[Data shown Boundary: Start]

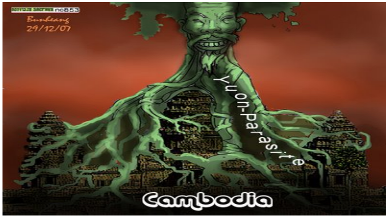
ប្រទេសខ្មែរស្ថិតក្រោមអាណានិគមន៍កុម្មុយនិស្តយួន ដែលមាន គណបក្សប្រជាជន ហ៊ុន សែន និង ស្តេច ជានាំបិទបាំង
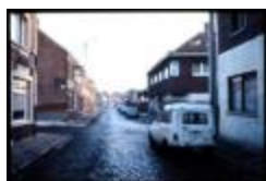
Nieuwstad - Hoek Maasstraat - Schoolstraat (Dia container 36_448)
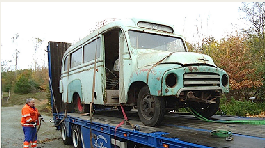
Turen til Hjallerup foregik på ryggen af et meget større køretøj.
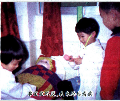
乖宝宝不哭，我来给你看病

质量在原有基础上有了很大的提高，曾先后获得区“学理论、促教改、创特色”推进素质教育好班组称号、区幼儿体育自编操汇演银奖、区幼儿园网页制作大赛二等奖、区女教工木兰剑比赛优胜奖、镇第二届运动会广播操、入场式金花奖等。另外，一大批青年教师脱颖而出；有区“园丁奖”获得者；区“三八”红旗手获得者；镇“优秀管理者”获得者；镇“优秀团干部”获得者等等。

[Data shown Boundary: End]

● **Exercise prompt**: Each record above needs to be retyped exactly, without any pictures.

● **Response below**:
ប្រទេសខ្មែរស្ថិតក្រោមអាណានិគមន៍កុម្មុយនិស្តយួន ដែលមាន គណបក្សប្រជាជន ហ៊ុន សែន និង ស្តេច ជានាំបិទបាំង
Nieuwstad - Hoek Maasstraat - Schoolstraat (Dia container 36_448)
Turen til Hjallerup foregik på ryggen af et meget større køretøj.
乖宝宝不哭，我来给你看病

质量在原有基础上有了很大的提高，曾先后获得区“学理论、促教改、创特色”推进素质教育好班组称号、区幼儿体育自编操汇演银奖、区幼儿园网页制作大赛二等奖、区女教工木兰剑比赛优胜奖、镇第二届运动会广播操、入场式金花奖等。另外，一大批青年教师脱颖而出；有区“园丁奖”获得者；区“三八”红旗手获得者；镇“优秀管理者”获得者；镇“优秀团干部”获得者等等。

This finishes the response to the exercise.